Charlotte Perriand – French Furniture Designer

Posted on 5th September 2011 in French Designers

Charlotte Perriand – Living from 1903 to 1999, she was a French architect and designer that pursued her design from a philosophical base. She believed that the better the design the more it helped to create a better society.

Studying furniture design at the Ecole de l’Union Centrale des Arts Décoratifs furniture she already started exerting her influence at a young age of 24. She was known for creating modern furniture design using chromed steel and anodized aluminum. Championed by the critics when she presented at the Salon d”Automne in 1927, she went on to collaborate with the world famous architect Le Corbusier known for his strict attention to minimalist lines and details. Lasing nearly ten years with him she created during this time “The Equipment of Habitation: Racks, Seats, Tables” which was produced initially by Thonet and then Cassina. Some of the pieces she designed while she was with him were the “LC2 Grand Comfort” armchair, the “B301” reclining chair and the “B306” chaise lounge.

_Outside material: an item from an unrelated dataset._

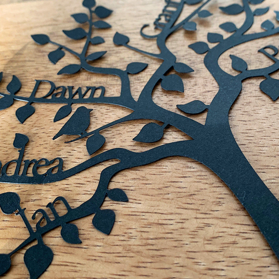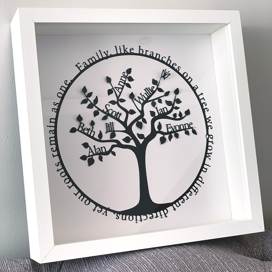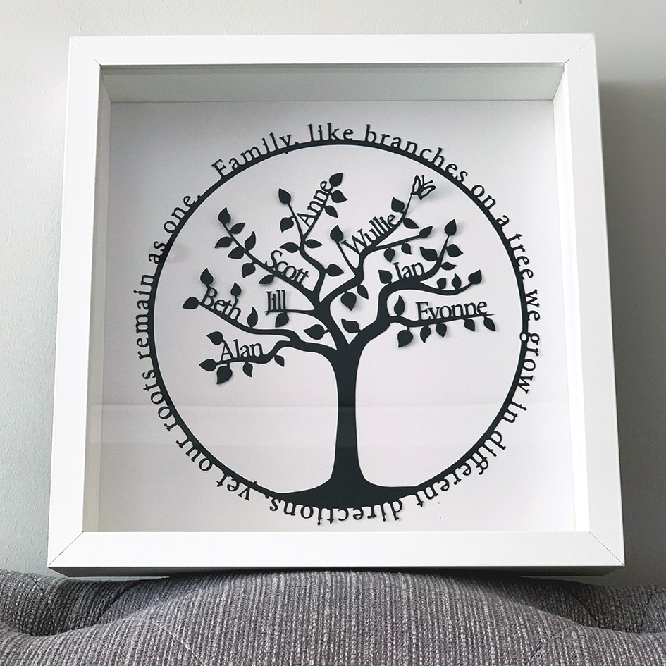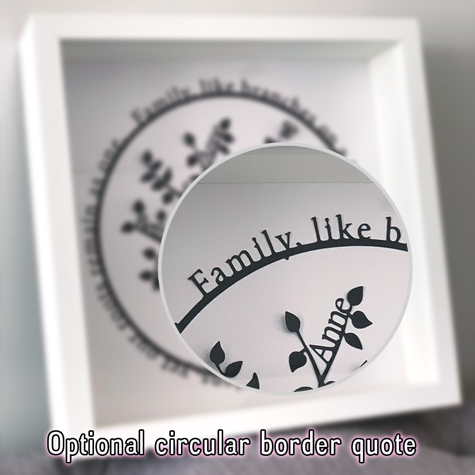This intriguing and eye catching family tree papercut is a unique and delightful gift. It is a gift that will be forever treasured and will always be proudly displayed. It makes a stunning present for a birthday or anniversary. You can add all of the family names up to a maximum of 8! You also have the choice of an optional circular border with the beautiful phrase “Family, like branches on a tree we grow in different directions, yet our roots remain as one.

Becoming more involved in the politics of her time during the mid-1930’s she joined several leftist organizations and continued to design both modern furniture and living spaces. Perhaps because of her involvement in these groups it began to influence her design style which started to shift towards the use of more traditional materials and affordable materials along with an emphasis on handcrafted techniques.  She experimented with wood and cane in the hope that she could produce well designed and affordable furniture at a mass production scale.

Part of this exploration was to collaborate with Jean Prove and Pierre Jeanerette on designing prefabricated buildings.

Spending time in Japan from 1940 to 1942 as well as reading the Book of Tea, greatly influenced her designs from 1940 until her death. While she was sent their as an advisor on industrial design to the Ministry of Trade and Industry she eventually was forced to leave the country as an “undesirable alien”. She continued to design both interiors and furniture and helped to design a prototype kitchen for Le Corbusier’s Unité d’Habitation apartment building in Marseille in 1950 and the ski resorts of les Arcs in Savoie in 1962.

As a part of the machine age view of living, some of her best works are a series of tubular steel chairs the “Fauteuil Dossier” the B301 in 1928, the “Swivel” chair  the B302 from 1928-29 and the “Chaise Lounge” the B306 in 1928.

As she moved away from working with Le Corbusier and became independent,

she stated  “The most important thing to realize is that what drives the modern movement is a spirit of enquiry, it’s a process of analysis and not a style…We worked with ideals.”